Task to carry out
Among the entries below, one line contains "ÖTV düzenlemesi sonrası" and another contains "X is hoping". Transcribe those two lines and every line between them, exactly.

Extracted entries

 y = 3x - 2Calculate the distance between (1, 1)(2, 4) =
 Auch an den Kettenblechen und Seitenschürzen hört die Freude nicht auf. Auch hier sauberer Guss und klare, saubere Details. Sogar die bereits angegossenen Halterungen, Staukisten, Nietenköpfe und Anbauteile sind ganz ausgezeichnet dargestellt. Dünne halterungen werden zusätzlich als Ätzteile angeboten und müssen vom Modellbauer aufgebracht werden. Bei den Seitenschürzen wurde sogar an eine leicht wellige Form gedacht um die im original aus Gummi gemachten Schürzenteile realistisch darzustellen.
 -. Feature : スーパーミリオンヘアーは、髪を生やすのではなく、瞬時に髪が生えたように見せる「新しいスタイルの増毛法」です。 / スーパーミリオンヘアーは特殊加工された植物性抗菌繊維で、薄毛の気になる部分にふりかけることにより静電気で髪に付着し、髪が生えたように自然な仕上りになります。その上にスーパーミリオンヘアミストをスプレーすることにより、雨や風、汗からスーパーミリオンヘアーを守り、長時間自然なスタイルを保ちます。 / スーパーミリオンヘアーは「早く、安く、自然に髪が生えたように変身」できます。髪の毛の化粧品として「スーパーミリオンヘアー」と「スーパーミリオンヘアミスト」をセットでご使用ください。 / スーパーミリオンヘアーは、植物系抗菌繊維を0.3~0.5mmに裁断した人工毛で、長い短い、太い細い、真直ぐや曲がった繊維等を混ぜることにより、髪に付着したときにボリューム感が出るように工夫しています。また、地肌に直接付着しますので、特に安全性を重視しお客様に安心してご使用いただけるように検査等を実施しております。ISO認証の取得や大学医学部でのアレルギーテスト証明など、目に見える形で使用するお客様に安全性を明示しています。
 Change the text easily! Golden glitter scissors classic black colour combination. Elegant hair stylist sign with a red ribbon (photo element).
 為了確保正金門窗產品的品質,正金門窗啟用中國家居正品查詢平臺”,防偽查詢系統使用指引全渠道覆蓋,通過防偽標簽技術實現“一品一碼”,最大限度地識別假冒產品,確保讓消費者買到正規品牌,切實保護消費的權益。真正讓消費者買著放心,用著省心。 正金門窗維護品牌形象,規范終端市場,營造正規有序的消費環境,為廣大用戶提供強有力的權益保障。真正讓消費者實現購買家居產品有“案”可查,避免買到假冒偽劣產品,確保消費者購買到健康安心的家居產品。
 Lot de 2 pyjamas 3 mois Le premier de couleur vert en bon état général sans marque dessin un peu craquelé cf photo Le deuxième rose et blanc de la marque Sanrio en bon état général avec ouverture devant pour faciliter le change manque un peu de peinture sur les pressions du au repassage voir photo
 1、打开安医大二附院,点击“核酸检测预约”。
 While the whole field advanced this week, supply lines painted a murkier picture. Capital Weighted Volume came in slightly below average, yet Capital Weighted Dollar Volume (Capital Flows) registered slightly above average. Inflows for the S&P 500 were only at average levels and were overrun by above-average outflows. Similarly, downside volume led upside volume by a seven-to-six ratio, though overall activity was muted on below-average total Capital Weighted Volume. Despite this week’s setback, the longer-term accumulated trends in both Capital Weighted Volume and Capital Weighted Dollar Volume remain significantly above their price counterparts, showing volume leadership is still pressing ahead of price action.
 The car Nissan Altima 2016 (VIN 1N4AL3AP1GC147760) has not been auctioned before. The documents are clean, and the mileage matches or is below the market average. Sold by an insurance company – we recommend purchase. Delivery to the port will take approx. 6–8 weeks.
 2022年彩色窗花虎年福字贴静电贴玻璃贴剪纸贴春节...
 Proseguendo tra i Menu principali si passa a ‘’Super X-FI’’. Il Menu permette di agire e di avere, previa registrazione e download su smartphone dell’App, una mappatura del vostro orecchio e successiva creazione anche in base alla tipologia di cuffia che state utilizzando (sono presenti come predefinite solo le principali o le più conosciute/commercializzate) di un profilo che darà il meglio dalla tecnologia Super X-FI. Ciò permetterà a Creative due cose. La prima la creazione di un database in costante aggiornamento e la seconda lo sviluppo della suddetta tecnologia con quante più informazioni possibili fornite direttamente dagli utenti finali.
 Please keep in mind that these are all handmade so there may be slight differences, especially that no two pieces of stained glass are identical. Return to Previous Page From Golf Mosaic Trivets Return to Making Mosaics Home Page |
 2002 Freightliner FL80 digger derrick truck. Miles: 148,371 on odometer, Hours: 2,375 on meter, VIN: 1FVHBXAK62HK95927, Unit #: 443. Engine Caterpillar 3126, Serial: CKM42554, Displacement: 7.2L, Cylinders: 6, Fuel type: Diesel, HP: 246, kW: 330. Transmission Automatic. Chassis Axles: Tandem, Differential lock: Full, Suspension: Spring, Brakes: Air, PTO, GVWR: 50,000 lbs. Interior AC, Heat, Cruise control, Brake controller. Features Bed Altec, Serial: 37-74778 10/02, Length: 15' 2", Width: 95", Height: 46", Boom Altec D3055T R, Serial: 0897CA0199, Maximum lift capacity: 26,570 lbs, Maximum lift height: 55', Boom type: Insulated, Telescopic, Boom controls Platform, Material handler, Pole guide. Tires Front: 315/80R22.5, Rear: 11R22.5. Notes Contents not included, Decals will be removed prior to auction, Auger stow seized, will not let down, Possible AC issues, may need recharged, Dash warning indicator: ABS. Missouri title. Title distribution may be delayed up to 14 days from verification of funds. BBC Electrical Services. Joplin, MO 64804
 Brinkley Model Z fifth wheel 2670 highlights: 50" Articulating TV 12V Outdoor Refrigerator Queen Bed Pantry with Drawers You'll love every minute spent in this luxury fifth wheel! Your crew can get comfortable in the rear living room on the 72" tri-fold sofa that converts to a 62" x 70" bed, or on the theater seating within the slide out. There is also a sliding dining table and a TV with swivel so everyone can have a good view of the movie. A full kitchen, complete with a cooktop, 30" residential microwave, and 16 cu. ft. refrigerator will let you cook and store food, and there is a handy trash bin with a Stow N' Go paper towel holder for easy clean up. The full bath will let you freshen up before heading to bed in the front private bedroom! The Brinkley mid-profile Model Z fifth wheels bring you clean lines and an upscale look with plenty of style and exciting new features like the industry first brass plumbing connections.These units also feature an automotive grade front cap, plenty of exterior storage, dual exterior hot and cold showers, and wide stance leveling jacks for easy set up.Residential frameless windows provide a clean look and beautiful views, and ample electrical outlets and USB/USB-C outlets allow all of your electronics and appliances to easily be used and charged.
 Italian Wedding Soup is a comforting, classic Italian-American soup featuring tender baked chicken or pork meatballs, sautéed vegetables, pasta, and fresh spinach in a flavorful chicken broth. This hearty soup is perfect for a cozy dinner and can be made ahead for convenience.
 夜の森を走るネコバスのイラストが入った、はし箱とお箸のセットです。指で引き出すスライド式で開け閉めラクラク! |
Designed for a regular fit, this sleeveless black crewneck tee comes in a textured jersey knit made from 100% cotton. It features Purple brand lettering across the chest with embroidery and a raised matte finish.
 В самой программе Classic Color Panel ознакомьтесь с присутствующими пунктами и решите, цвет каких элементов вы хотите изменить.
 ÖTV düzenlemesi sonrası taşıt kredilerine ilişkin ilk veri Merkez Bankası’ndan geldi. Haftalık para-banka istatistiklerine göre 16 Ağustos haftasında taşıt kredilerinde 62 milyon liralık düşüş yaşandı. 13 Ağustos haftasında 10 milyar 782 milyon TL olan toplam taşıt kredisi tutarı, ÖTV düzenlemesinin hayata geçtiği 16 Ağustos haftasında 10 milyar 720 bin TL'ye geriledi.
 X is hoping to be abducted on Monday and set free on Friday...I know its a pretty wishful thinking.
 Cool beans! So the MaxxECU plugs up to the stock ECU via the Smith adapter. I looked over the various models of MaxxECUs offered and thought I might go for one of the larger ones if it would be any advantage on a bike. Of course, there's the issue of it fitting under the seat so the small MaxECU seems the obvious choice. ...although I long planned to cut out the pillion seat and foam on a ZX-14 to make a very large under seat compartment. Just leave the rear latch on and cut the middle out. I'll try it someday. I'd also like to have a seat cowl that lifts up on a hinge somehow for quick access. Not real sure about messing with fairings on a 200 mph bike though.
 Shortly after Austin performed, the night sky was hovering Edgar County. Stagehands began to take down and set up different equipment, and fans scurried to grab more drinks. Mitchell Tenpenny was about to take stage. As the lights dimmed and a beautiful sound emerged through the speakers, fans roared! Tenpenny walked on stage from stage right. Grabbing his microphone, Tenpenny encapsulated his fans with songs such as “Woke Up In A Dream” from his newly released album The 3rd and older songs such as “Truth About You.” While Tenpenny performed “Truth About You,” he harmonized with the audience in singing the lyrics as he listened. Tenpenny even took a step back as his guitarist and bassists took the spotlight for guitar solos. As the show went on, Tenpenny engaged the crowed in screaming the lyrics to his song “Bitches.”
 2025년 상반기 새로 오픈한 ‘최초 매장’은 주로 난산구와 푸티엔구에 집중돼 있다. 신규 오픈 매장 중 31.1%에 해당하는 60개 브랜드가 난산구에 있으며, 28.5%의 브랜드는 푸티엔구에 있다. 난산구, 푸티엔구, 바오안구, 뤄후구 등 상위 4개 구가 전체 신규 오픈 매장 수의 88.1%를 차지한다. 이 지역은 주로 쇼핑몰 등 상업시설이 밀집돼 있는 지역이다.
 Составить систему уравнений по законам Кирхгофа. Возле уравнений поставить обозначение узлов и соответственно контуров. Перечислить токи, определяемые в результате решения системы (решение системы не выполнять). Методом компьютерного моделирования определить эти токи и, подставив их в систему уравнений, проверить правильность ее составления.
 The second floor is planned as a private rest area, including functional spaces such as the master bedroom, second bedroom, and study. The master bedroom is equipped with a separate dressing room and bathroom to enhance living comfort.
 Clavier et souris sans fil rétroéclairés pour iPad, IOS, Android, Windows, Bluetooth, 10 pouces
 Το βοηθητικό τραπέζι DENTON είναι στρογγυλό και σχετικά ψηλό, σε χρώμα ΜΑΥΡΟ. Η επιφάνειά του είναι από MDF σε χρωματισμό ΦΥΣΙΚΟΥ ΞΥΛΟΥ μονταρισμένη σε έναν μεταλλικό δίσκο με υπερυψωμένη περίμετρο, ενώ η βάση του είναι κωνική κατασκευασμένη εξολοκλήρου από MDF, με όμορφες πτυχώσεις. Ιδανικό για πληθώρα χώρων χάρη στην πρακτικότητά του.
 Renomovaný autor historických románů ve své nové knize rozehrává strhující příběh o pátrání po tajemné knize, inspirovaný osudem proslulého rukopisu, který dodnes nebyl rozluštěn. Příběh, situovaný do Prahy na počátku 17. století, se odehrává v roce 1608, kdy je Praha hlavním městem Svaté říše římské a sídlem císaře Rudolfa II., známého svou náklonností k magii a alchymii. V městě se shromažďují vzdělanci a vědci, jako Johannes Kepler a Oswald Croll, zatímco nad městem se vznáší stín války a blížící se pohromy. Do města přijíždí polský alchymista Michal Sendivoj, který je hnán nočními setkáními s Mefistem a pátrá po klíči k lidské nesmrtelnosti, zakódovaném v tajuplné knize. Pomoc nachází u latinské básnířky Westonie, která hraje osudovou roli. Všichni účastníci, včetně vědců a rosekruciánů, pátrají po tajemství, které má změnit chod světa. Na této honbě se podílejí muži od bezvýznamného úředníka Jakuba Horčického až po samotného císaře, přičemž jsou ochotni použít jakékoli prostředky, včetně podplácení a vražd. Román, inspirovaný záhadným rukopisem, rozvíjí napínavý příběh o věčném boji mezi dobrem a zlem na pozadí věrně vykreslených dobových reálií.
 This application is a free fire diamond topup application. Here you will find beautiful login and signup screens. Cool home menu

Reply to the exercise
 ÖTV düzenlemesi sonrası taşıt kredilerine ilişkin ilk veri Merkez Bankası’ndan geldi. Haftalık para-banka istatistiklerine göre 16 Ağustos haftasında taşıt kredilerinde 62 milyon liralık düşüş yaşandı. 13 Ağustos haftasında 10 milyar 782 milyon TL olan toplam taşıt kredisi tutarı, ÖTV düzenlemesinin hayata geçtiği 16 Ağustos haftasında 10 milyar 720 bin TL'ye geriledi.
 X is hoping to be abducted on Monday and set free on Friday...I know its a pretty wishful thinking.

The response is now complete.